DATA TO USE Block Start

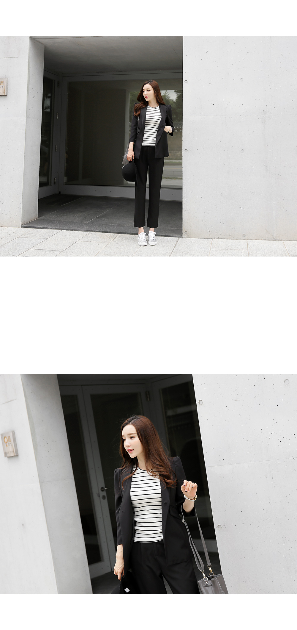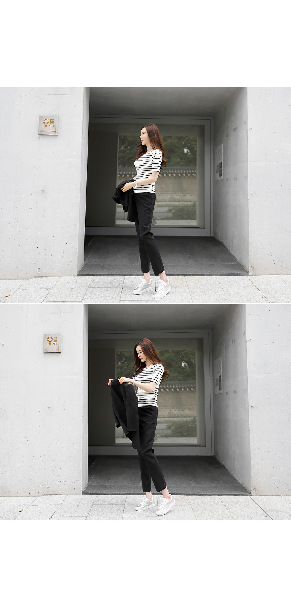 안정감있는 핏을 잡아주는 베이직 아이템이구요,
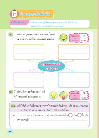 ๑. นักเรียนระบุคุณลักษณะของพลเมืองดี คะแนนเต็ม ได้
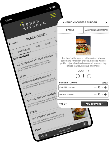 So in 2020 we dropped all other plans and prioritised Version 5, “Online Ordering”, which we launched ahead of Saturday 4th July 2020 as hospitality was allowed to reopen. From home, customers could browse menus, put together a basket and pay online for collection or delivery. From within a venue, customers could scan a QR phone on their own device that would take them straight to the menu, while automatically noting their venue and tab. Kobas online ordering was an essential game-changer, taking our In-Venue systems to the next level.
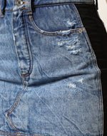 midi skirt features a blue-black cotton denim base with sheer panel detailing. The design blends casual denim texture with a hint of allure, creating a modern and fashion-forward statement piece.
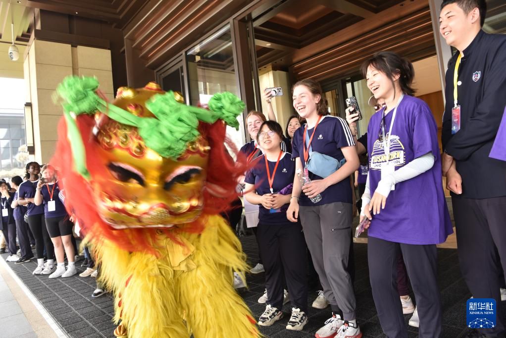 4月22日,马斯卡廷中学学生在河北雄安新区观看非遗表演。新华社
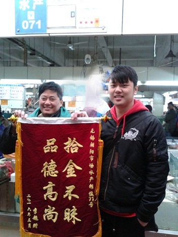 在今年的4月1日上午,顧客馬先生和往常一樣來到朝陽農貿市場買菜。當他在蔬菜攤位122號駐足時突然發現腳下有一個黑色的錢包,錢包里有1500元現金、一張身份證、數張銀行卡。馬先生當即將錢包交給服務臺。隨即市場管理員立刻用廣播尋找失主,最終根據身份證上的信息還給失主。
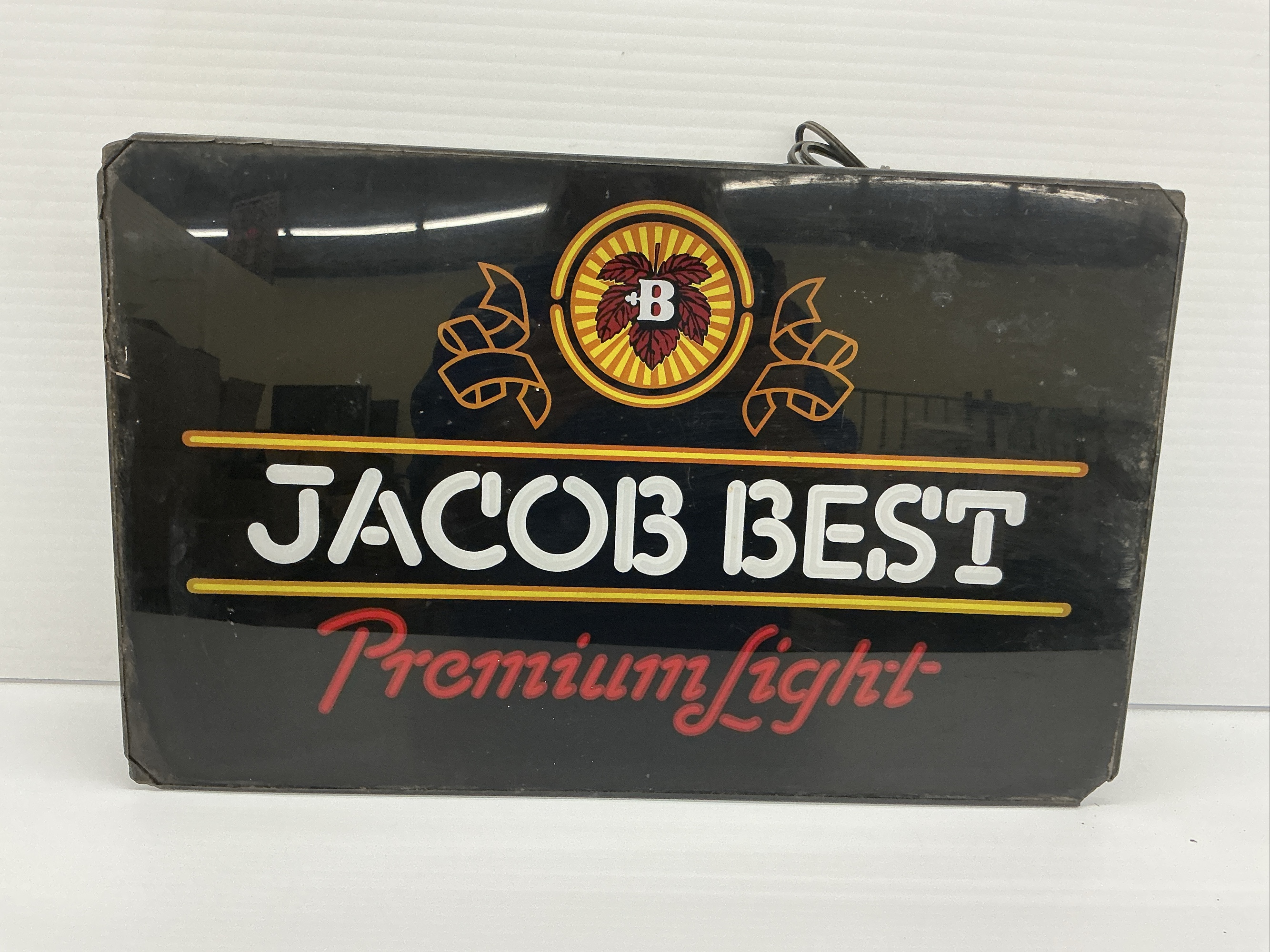Illuminated Jacob Best Premium Light beer advertising sign. Features the Jacob Best logo and 'Premium Light' text. The sign is black with a white and red design. Did not light, may need new bulb. See photos for condition. 13 x 21 x 4 in.
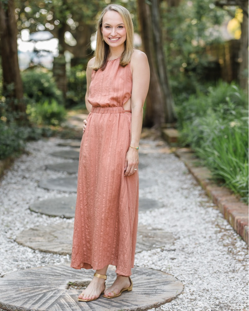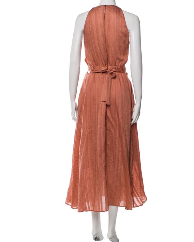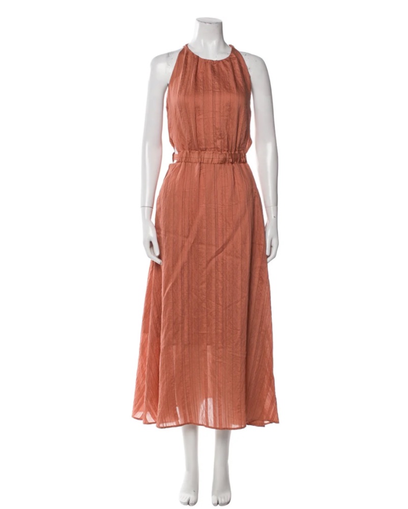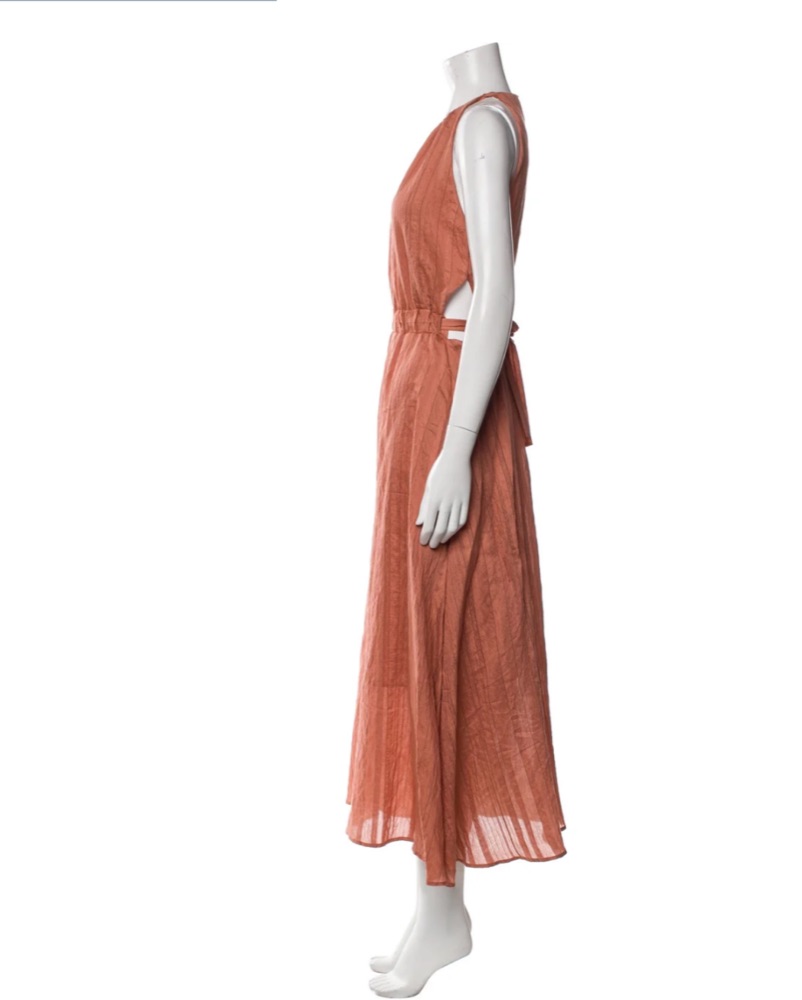 Sandro mid length dress; linen material; high neck; cutouts on side; tie back
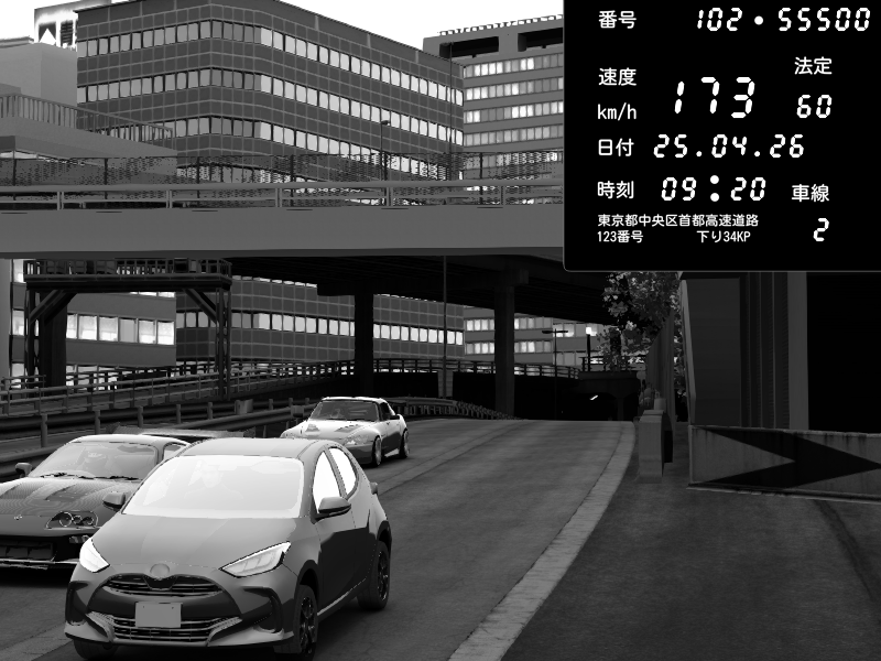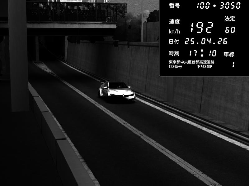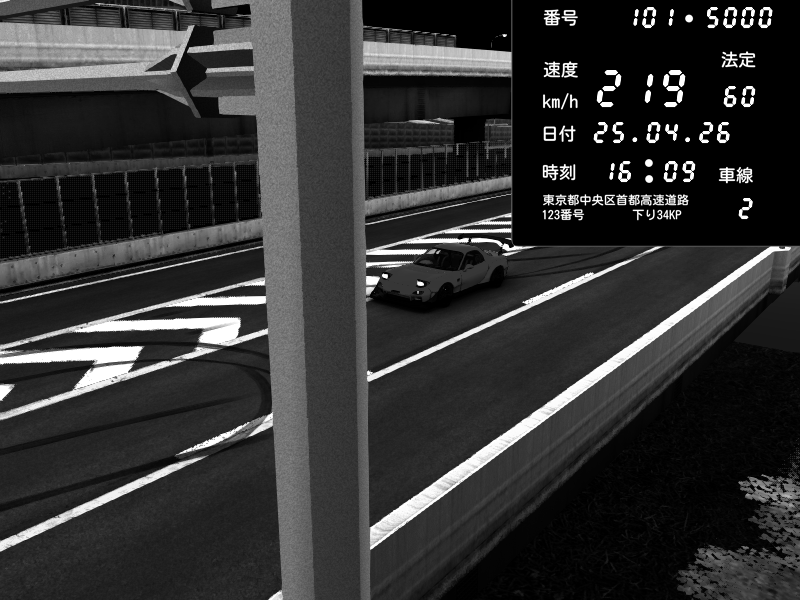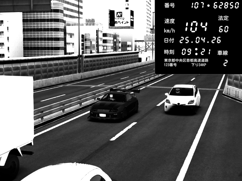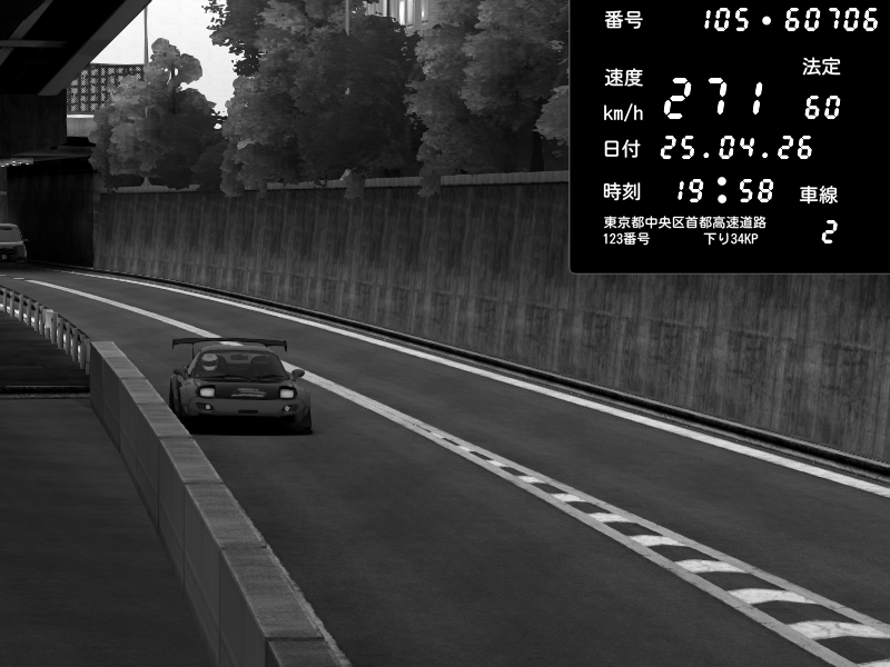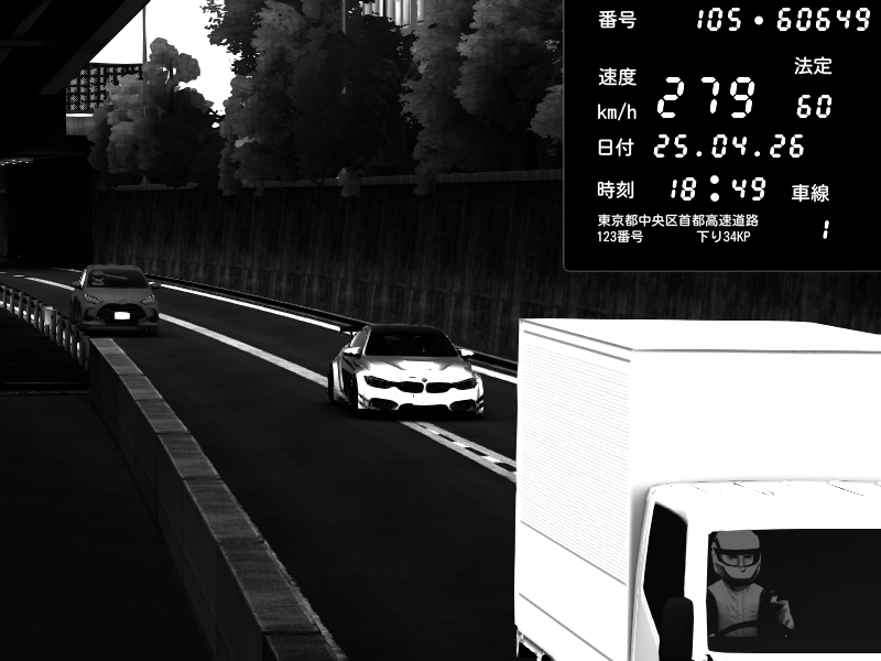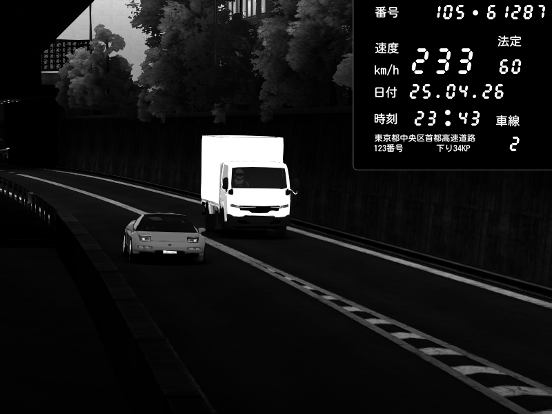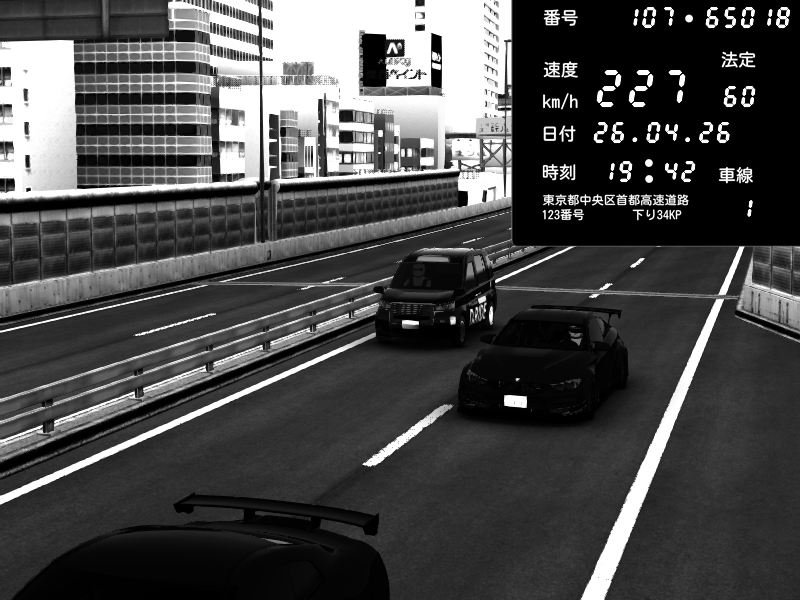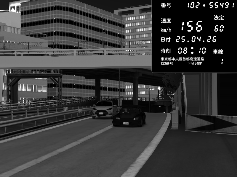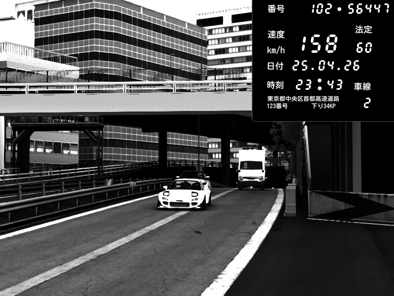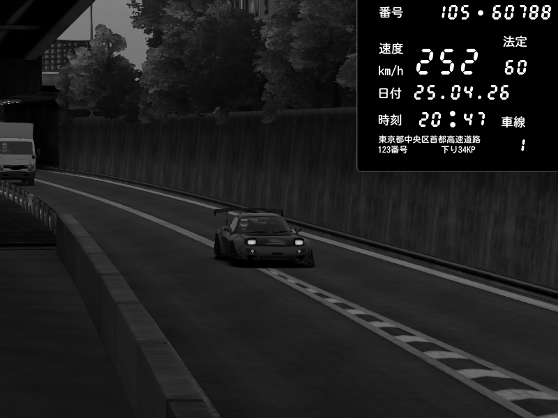 | 2026/04/25 19:58 | C1外回り 新富町 | 191 / 60 km/h | Pixy | Pit Road M - Mitsubishi GTO Twin Turbo | CAPTURE |
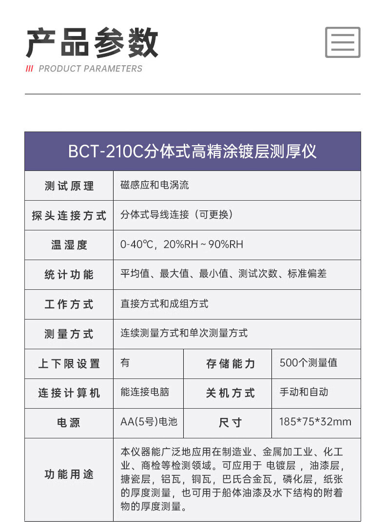 珀瑞克BCT-210C涂层测厚仪铝合金阳极氧化膜测厚仪非磁性测厚仪
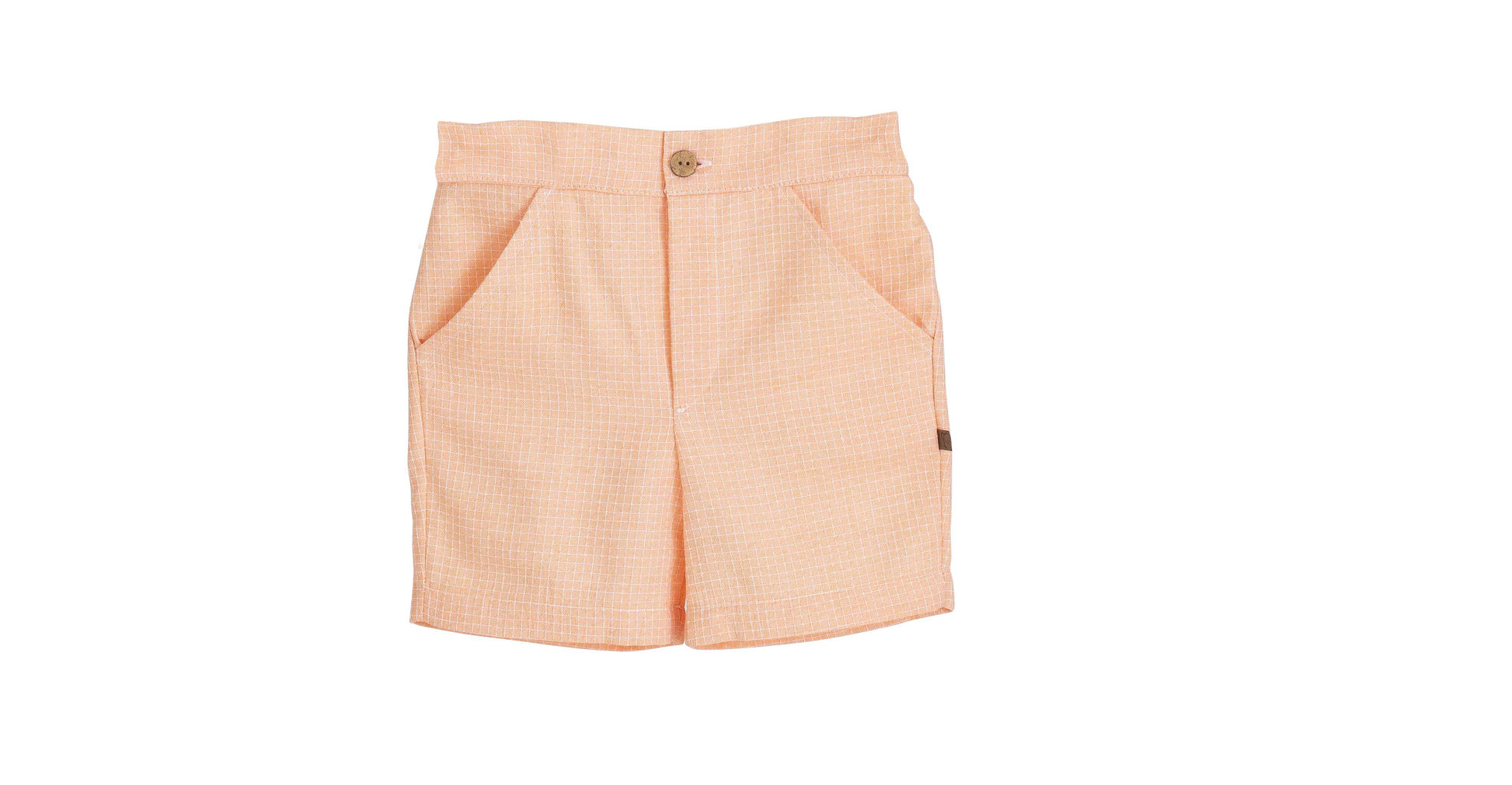 Conjunto de niño de la familia Delhi de la marca Calamaro, ideal para los días más especiales del verano. Está formado por un polo blanco de manga corta, con cuello clásico y botones delanteros, combinado con un pantalón corto en tono melocotón con delicado dibujo de cuadritos, creando un conjunto fresco, elegante y muy cómodo.
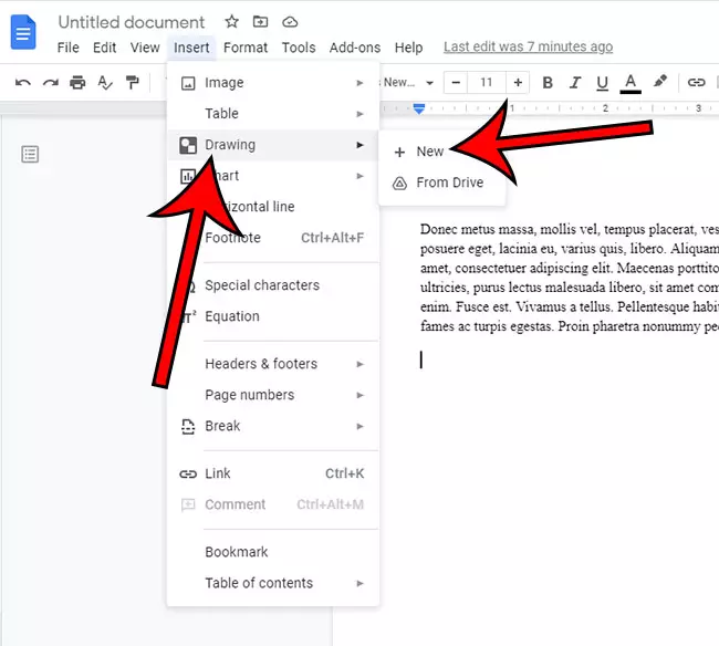 Dette er sannsynligvis den mest kompliserte måten å legge til en linje i Google Dokumenter på, men det kan være effektivt, og det gir deg noen ekstra alternativer fordi det teknisk sett vil være en tegning.

DATA TO USE Block End

▶ [EXERCISE] Give the data again word for word, without pictures.

▶ [TASK SOLUTION]
 안정감있는 핏을 잡아주는 베이직 아이템이구요,
 ๑. นักเรียนระบุคุณลักษณะของพลเมืองดี คะแนนเต็ม ได้
 So in 2020 we dropped all other plans and prioritised Version 5, “Online Ordering”, which we launched ahead of Saturday 4th July 2020 as hospitality was allowed to reopen. From home, customers could browse menus, put together a basket and pay online for collection or delivery. From within a venue, customers could scan a QR phone on their own device that would take them straight to the menu, while automatically noting their venue and tab. Kobas online ordering was an essential game-changer, taking our In-Venue systems to the next level.
 midi skirt features a blue-black cotton denim base with sheer panel detailing. The design blends casual denim texture with a hint of allure, creating a modern and fashion-forward statement piece.
 4月22日,马斯卡廷中学学生在河北雄安新区观看非遗表演。新华社
 在今年的4月1日上午,顧客馬先生和往常一樣來到朝陽農貿市場買菜。當他在蔬菜攤位122號駐足時突然發現腳下有一個黑色的錢包,錢包里有1500元現金、一張身份證、數張銀行卡。馬先生當即將錢包交給服務臺。隨即市場管理員立刻用廣播尋找失主,最終根據身份證上的信息還給失主。
Illuminated Jacob Best Premium Light beer advertising sign. Features the Jacob Best logo and 'Premium Light' text. The sign is black with a white and red design. Did not light, may need new bulb. See photos for condition. 13 x 21 x 4 in.
 Sandro mid length dress; linen material; high neck; cutouts on side; tie back
 | 2026/04/25 19:58 | C1外回り 新富町 | 191 / 60 km/h | Pixy | Pit Road M - Mitsubishi GTO Twin Turbo | CAPTURE |
 珀瑞克BCT-210C涂层测厚仪铝合金阳极氧化膜测厚仪非磁性测厚仪
 Conjunto de niño de la familia Delhi de la marca Calamaro, ideal para los días más especiales del verano. Está formado por un polo blanco de manga corta, con cuello clásico y botones delanteros, combinado con un pantalón corto en tono melocotón con delicado dibujo de cuadritos, creando un conjunto fresco, elegante y muy cómodo.
 Dette er sannsynligvis den mest kompliserte måten å legge til en linje i Google Dokumenter på, men det kan være effektivt, og det gir deg noen ekstra alternativer fordi det teknisk sett vil være en tegning.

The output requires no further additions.